286. Walls and Gates

题目：

You are given a m x n 2D grid initialized with these three possible values.

1. -1 - A wall or an obstacle.
2. 0 - A gate.
3. INF - Infinity means an empty room. We use the value 231 - 1 = 2147483647 to represent INF as you may assume that the distance to a gate is less than2147483647.

Fill each empty room with the distance to its nearest gate. If it is impossible to reach a gate, it should be filled with INF.

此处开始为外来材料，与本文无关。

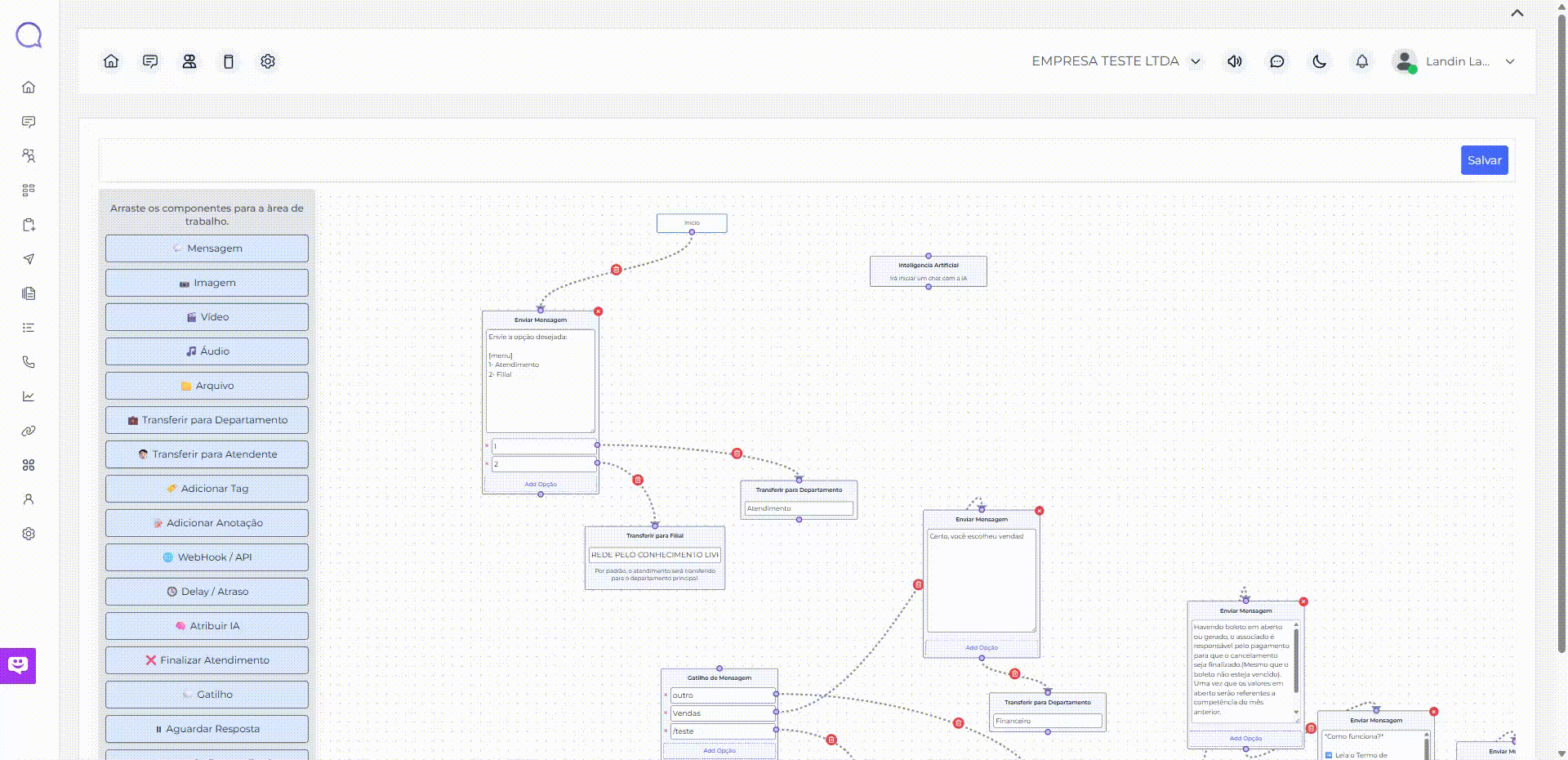 Crie jornadas completas de atendimento com a mesma facilidade de montar um quebra-cabeça — e veja sua operação fluir com eficiência máxima.

For example, given the 2D grid:

INF  -1  0  INF
INF INF INF  -1
INF  -1 INF  -1
  0  -1 INF INF

After running your function, the 2D grid should be:

  3  -1   0   1
  2   2   1  -1
  1  -1   2  -1
  0  -1   3   4

链接： http://leetcode.com/problems/walls-and-gates/

题解：

求矩阵中room到gate的最短距离。这里我们可以用BFS， 先把所有gate放入queue中，再根据gate计算上下左右，假如有room,再把这个room加入到queue中。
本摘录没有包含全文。